> Then have we made a horrible, horrible mistake in the way
> we've defined SRW? It it basically don't work with existing
> toolkits, do we need to throw it all up in the air and make
> 2.0 that uses rpc/encoded?
<sigh> How did I know you would say that...
There is an industry accepted profile - WS-I (see http://www.ws-i.org).
All the major WebService players are adopting this profile, all the
major toolkit manufacturers are adopting this profile. *This* is the
profile to adopt if you are doing WebServices. SRW 1.1 is WS-I
compliant.
The reason WS-I specifed doc/lit rather than rpc/encoded was because of
interoperability issues - getting two toolkits to work together using
rpc/encoded was a real headache.
Some of the older toolkits (and toolkits which haven't been maintained)
will have trouble with doc/lit - but all of the major toolkits now (or
shortly will) support WS-I thus improving interoperability.
However, why not take a few steps backwards and use RPC/Encoded to
support the out of date toolkits - that way we can ensure
interoperability problems with newer toolkits, ensure complete lack of
adoption by the wider WebService community (since it wo'n't be WS-I
compliant), ensure that it can't be adopted up by UK government funded
projects (that includes JISC and academic funded projects) since they
are supposed to follow the e-GIF framework which states WS-I as a
requirement, and I suspect US government projects too.

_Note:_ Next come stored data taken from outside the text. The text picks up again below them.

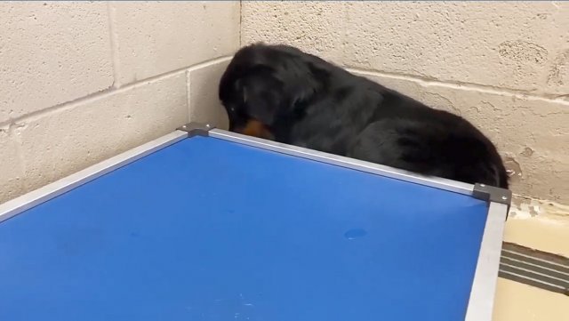 ¡Hay muchos ladridos y ningún mordisco! Los perros gruñones intentan intimidarse unos a otros a través de una puerta, pero en el momento en que queda abierta totalmente, la escena de ladridos termina abruptamente.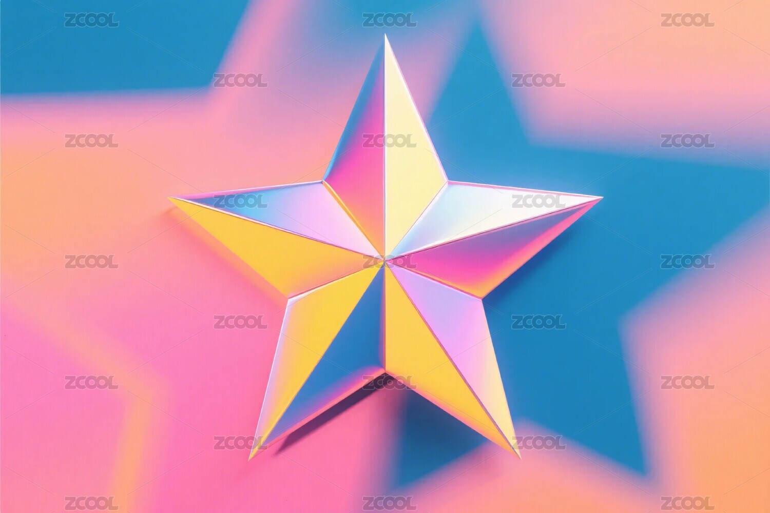 双色渐变背景上的立体五角星
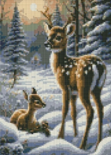 Pictura cu diamante este un hobby creativ și relaxant pentru copii și adulți. Cu ajutorul stiloului de aplicare așezi mici pietricele pe o pânză autoadezivă, tipărită în prealabil, obținând astfel o imagine sclipitoare cu căprioare în pădurea înzăpezită. Nu este necesară nicio experiență anterioară – este suficient să urmezi legenda inclusă.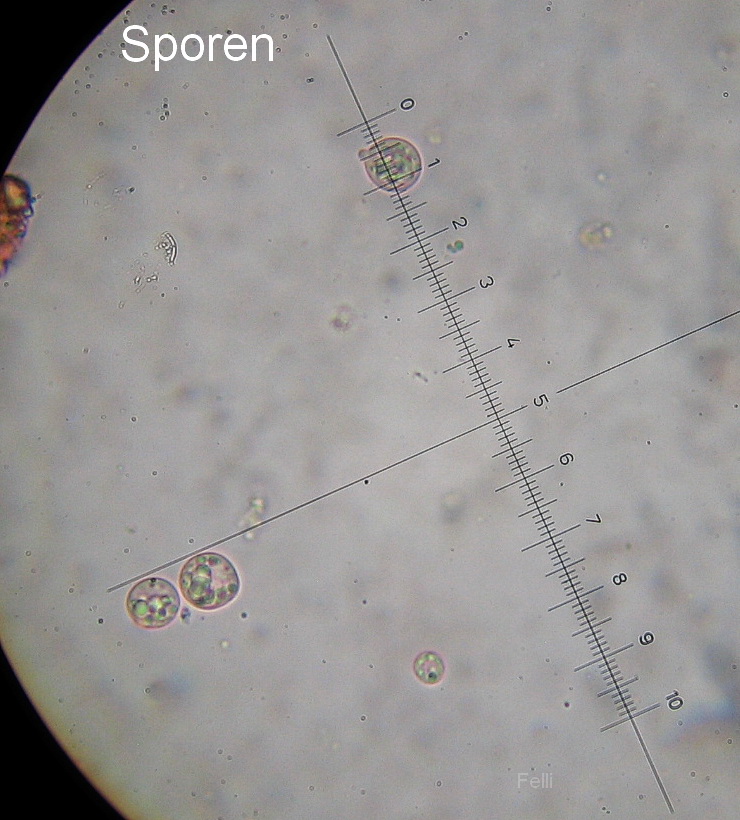 Leider war der Fruchtkörperteil den ich mitnahm nicht reif, so dass ich keine reifen Sporen zur Kontrolle hatte.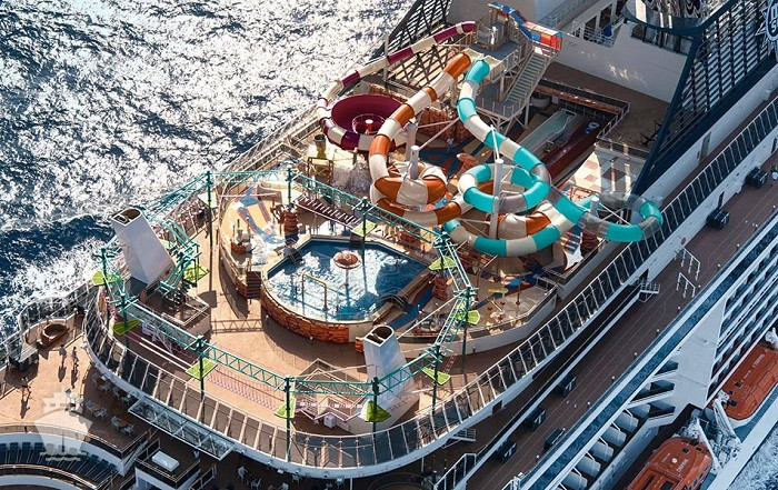 - 2 vírivky, 2 soláriá, Aquapark Savannah s vysokorýchlostným toboganom Champagne Bowl a Himalájskym mostom, ktorý sa tiahne po celej šírke paluby lode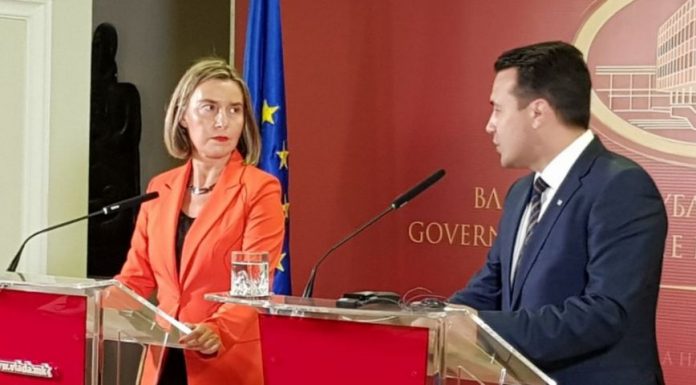 Përfaqësuesja e lartë e BE-së për Politikë të jashtme dhe Siguri, Federica Mogherini tha se Maqedonia i është kthyer shtegut të duhur dhe se meritoi rekomandimin e pastër nga KE për hapjen e negociatave për anëtarësim në BE.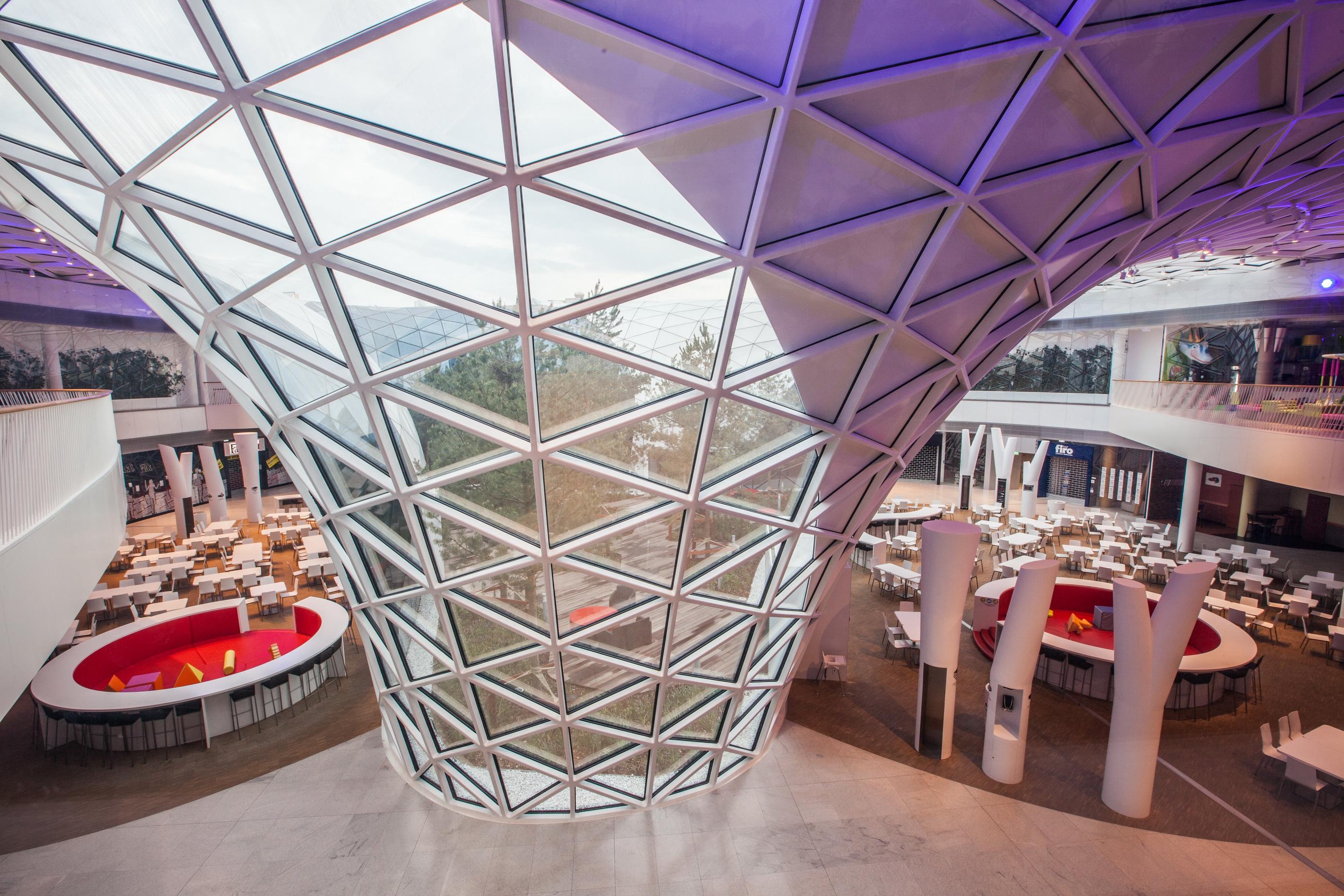 Realizace corianových prvků (bary, stromy, dětský koutek, květináče, infopoint, napájecí sloupky). Dodávka stolů a židlí do foodcourtu.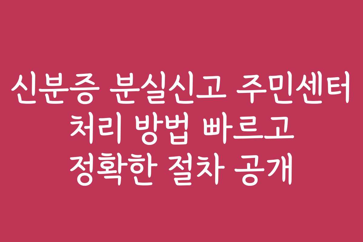 신분증 분실 신고, 주민센터, 분실 신고 절차, 처리 방법, 주민등록증, 신속한 신고, 재발급, 민원 처리, 대처 방법, 경과 확인, 주민센터 서비스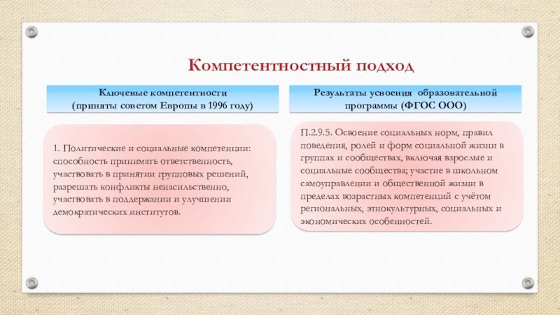компетенции: способность принимать ответственность, участвовать в принятии групповых решений, разрешать конфликты ненасильственно, участвовать в поддержании и улучшении демократических институтов.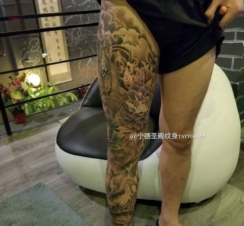 • T网红王老大花腿龙纹身图片_腿部新传统纹身图案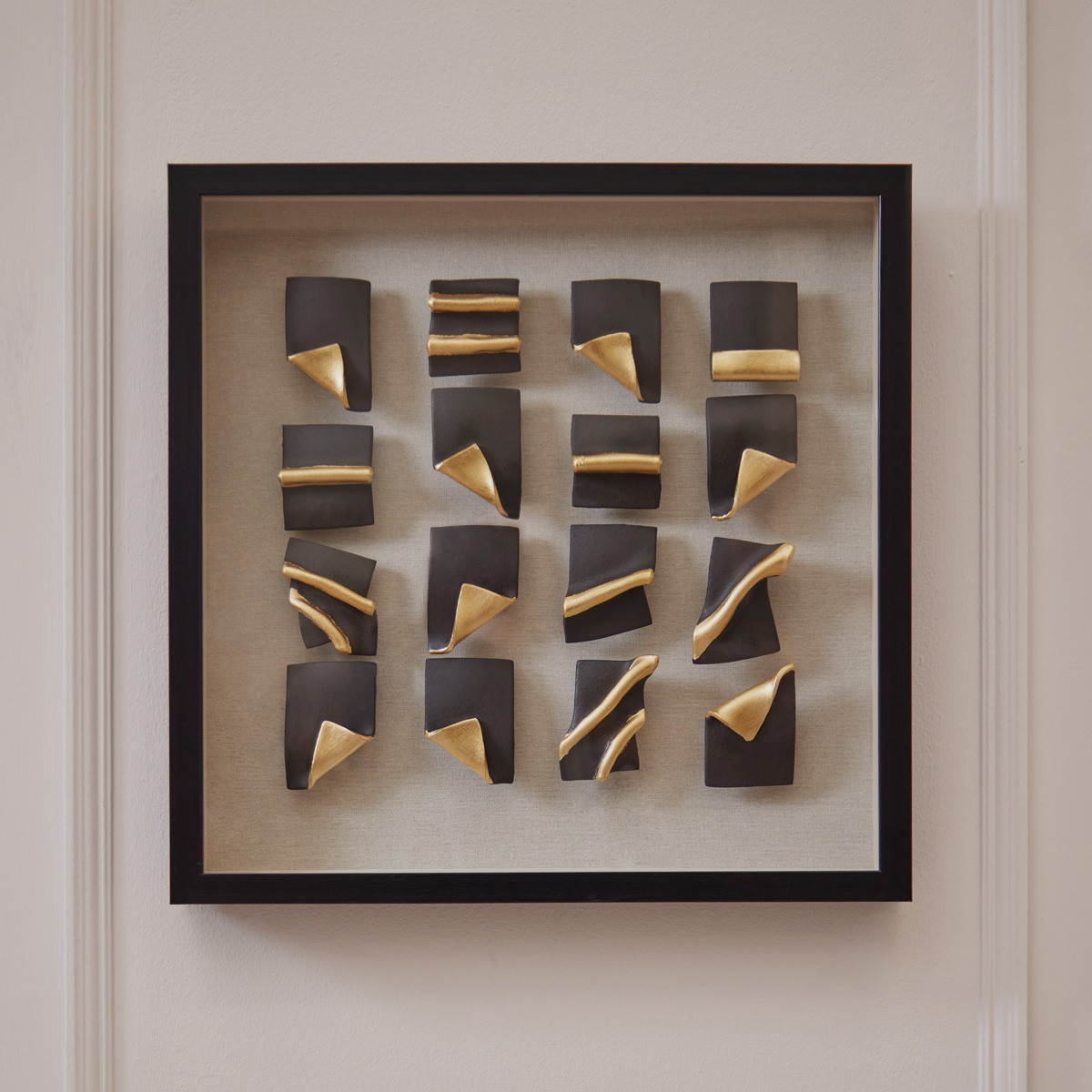 Our 3D Ceramic Black & Gold Wall Art adds texture, balance, and a hint of gold to your space. A framed geometric design that fits seamlessly into any modern interior.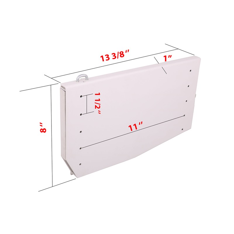 Specifications: Overall dimensions: 13 3/8 '' x 8'' x 1 3/8''(the thickness of the housing +the plate). Color: White. Fits King size.(It may fit Queen size,just reduce the springs in the housing if they are too strong) Package included: 2x Springs Hinges. 2x Legs. 2x Legs Mount. 1x Hex tool and Screws.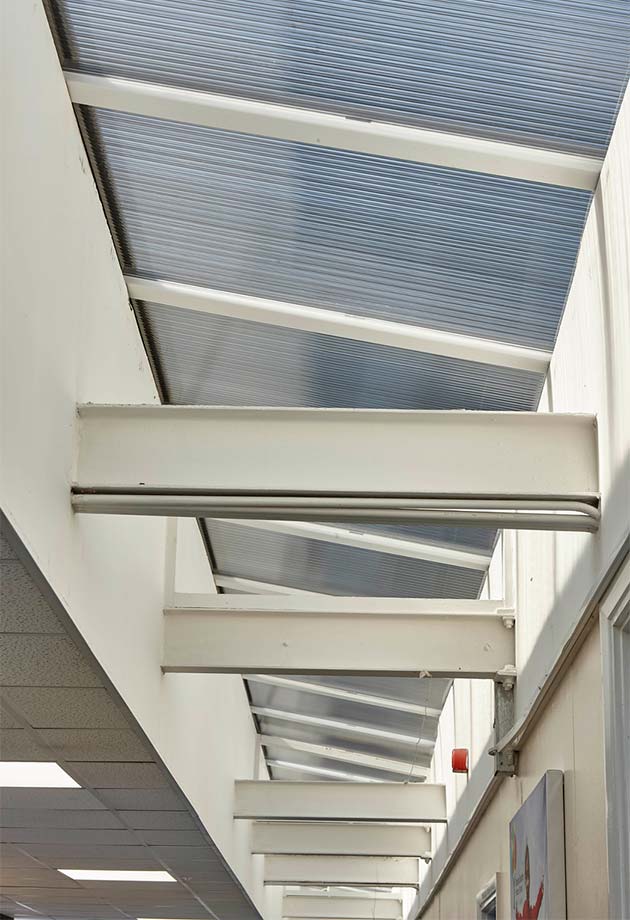 De grotere koepels bevatten gebronsde polycarbonaat beglazing, die schittering en warmteopbouw tegengaat. Een gebogen polycarbonaat overkapping overdekt de ontvangstruimte en biedt optimaal daglicht wanneer leerlingen en docenten de school binnen stappen. Een ander projectdoel was om minder afhankelijk te zijn van kunstverlichting en het energieverbruik te verlagen. Dat doel is bereikt met het vervangen van de lichtstraten.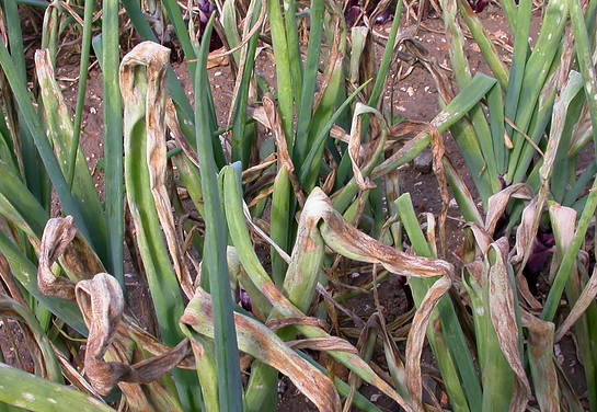 Pavyzdžiui, Botrytis squamosa svogūnų ir česnakų laiškams sukelia žaibišką lapų dėmėtligę.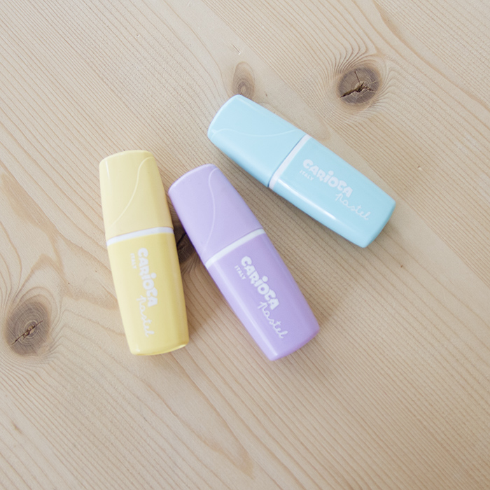 Sublinhadores de cores pastel. Tinta à base de água. Lavável.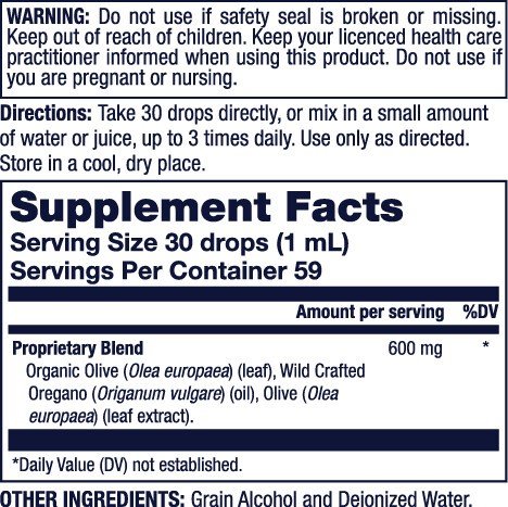 | Proprietary Blend: Organic Olive Leaf (Olea europea)(leaf), Wild Crafterd Oregano(Origanum vulgare) (oil), Olive (Olea europaea) (leaf extract) | 600 mg | * |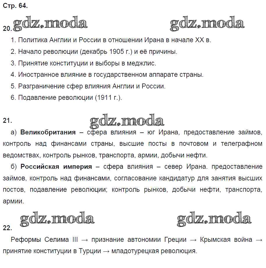 ГДЗ решение к заданию № 64 Всеобщая История 8 класс рабочая тетрадь Ермакова И.А. (к уч. Загладина Н.В.) Русское слово 2017 ФГОС бесплатно на гдз.мода!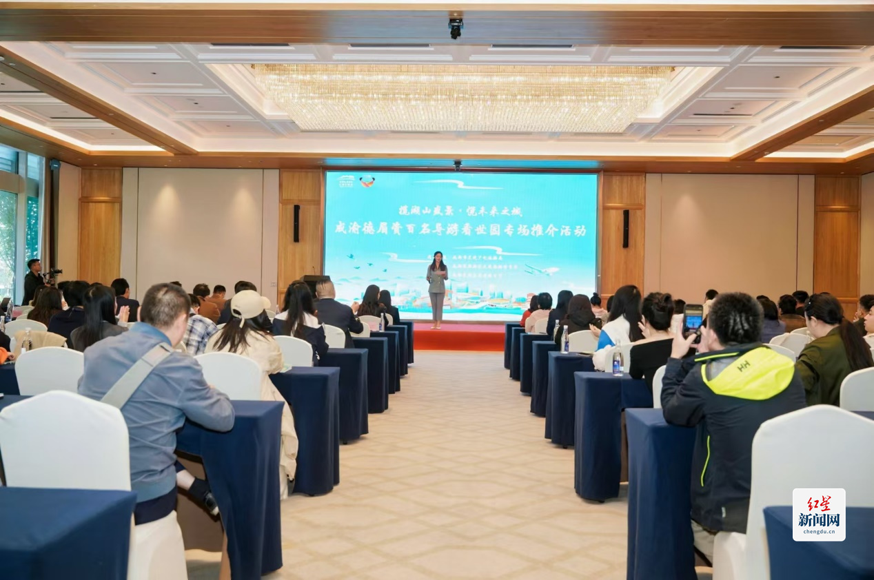 推介会上,2024成都世界园艺博览会、三岔湖、丹景台、丹景谷漂流等8个重点文旅主体,天府国际大酒店、三岔湖蕃薯藤度假酒店等9家品质酒店代表向导游朋友们展示了各具特色的文旅资源。近年来,随着文旅市场的蓬勃发展,成都东部新区的文旅市场主体日益增加,不仅拥有成都的“马尔代夫”三岔湖,“城市之眼”丹景台,是“世园会”“世运会”双主场,还上新了西部地区最大的专业赛道——天府国际赛道,成都新晋TOP1漂流胜地—丹景谷漂流,以及号称“机场后花园、林盘会客厅”的三鱼萌狮文化村。在品质住宿产品方面,拥有5000间超大体量的天府国际大酒店,住在机场里的天府云享悦享酒店,坐拥湖光山色的三岔湖环球融创洲际酒店等10余家高品质酒店。

> There doesn't seem to be much point in having superseded
> Z39.50 with a "friendly" web-service protocol if the barrier
> to implementation remains at the same height because none of
> the web-service toolkits can implement SRW.
Apart from .Net, Axis, hopefully Mono now I've fixed the bugs...
The problem toolkit appears to the the Perl one (and apparently the
version available about 12 months ago at that).